背景技术Background technique
随着社会的发展,人们生活水平的提高,人们希望有舒适的室温的同时,不被风直吹,对空调器的送风提出了更高的要求。国内外的一些知名空调企业根据客户的需求进行了相关的空调研发,研制出了无风感空调器。但是,在无风感的实现过程中,使得室内温度的调节非常缓慢,甚至达不到用户所需要的环境温度。With the development of society and the improvement of people's living standards, people hope that there is a comfortable room temperature, and they are not blown by the wind, which puts higher requirements on the air supply of air conditioners. Some well-known air-conditioning companies at home and abroad have carried out related air-conditioning research and development according to the needs of customers, and developed a windless air conditioner. However, in the realization of the windlessness, the adjustment of the indoor temperature is very slow, and even the ambient temperature required by the user is not reached.
发明内容Summary of the invention
本申请的主要目的是提供一种空调器的控制方法,旨在提高实现无风感的同时,快速调节室内的环境温度。The main object of the present application is to provide a control method for an air conditioner, which aims to improve the ambient temperature of the room while improving the sense of windlessness.

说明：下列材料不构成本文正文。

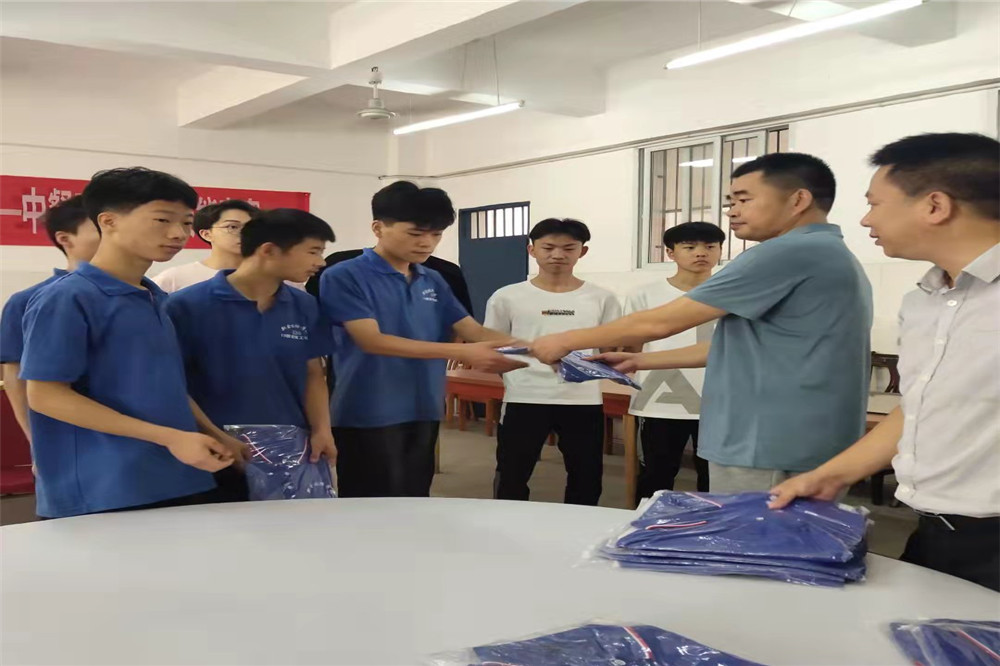 最后,邹校长给今年参加比赛的学生派发由企业赞助的训练服,加以鼓励。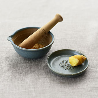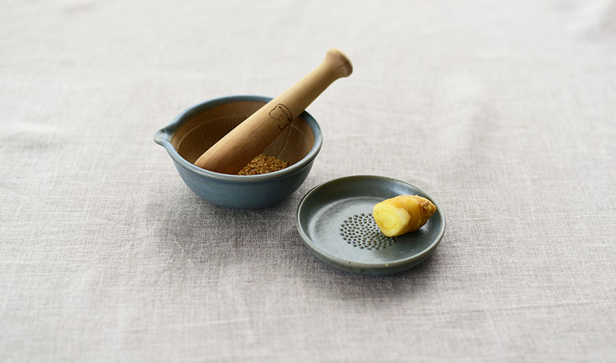 ミニサイズのすり鉢とおろし皿は食卓の上でも使いたくなるようにデザインされています。

为实现上述目的,本申请提出的空调器的控制方法,包括以下步骤:To achieve the above object, the method for controlling an air conditioner proposed by the present application includes the following steps:
接收无风感控制指令,并进入全无风感送风模式;Receiving the windless sense control command and entering the full windless air supply mode;
获取当前房间温度和用户预设温度,并计算房间温度与预设温度的差值,记为温差值;Obtain the current room temperature and the user preset temperature, and calculate the difference between the room temperature and the preset temperature, which is recorded as the temperature difference;
比对温差值和预设温差;Comparing the temperature difference and the preset temperature difference;
当温差值大于预设温差时,增加空调器的冷能输出以使温差值小于或者等于预设温差;When the temperature difference is greater than the preset temperature difference, increasing the cold energy output of the air conditioner such that the temperature difference is less than or equal to the preset temperature difference;
当温差值小于或者等于预设温差时,保持空调器当前的工作状态。When the temperature difference is less than or equal to the preset temperature difference, the current working state of the air conditioner is maintained.

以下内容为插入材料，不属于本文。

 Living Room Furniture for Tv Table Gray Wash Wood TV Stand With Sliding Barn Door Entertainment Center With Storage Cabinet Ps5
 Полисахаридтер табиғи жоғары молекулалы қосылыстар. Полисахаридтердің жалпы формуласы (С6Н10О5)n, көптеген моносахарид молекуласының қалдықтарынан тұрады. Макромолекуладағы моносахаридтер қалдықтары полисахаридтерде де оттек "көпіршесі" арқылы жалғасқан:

可选地,所述增加空调器的冷能输出以使温差值小于或者等于预设温差的步骤具体包括:Optionally, the step of increasing the cold energy output of the air conditioner such that the temperature difference is less than or equal to the preset temperature difference comprises:
增加空调器压缩机的工作频率;Increase the operating frequency of the air conditioner compressor;
检测室内换热器的冷媒管的管壁温度;Detecting the wall temperature of the refrigerant pipe of the indoor heat exchanger;
比对管壁温度和预设管温;Comparing the wall temperature and the preset tube temperature;
当管壁温度小于或者等于所述预设管温时,增加空调器的冷能输出以使管壁温度大于所述预设管温;When the pipe wall temperature is less than or equal to the preset pipe temperature, increasing the cold energy output of the air conditioner to make the pipe wall temperature be greater than the preset pipe temperature;
当管壁温度大于所述预设管温时,比对温差值和预设温差。When the wall temperature is greater than the preset tube temperature, the temperature difference is compared with the preset temperature difference.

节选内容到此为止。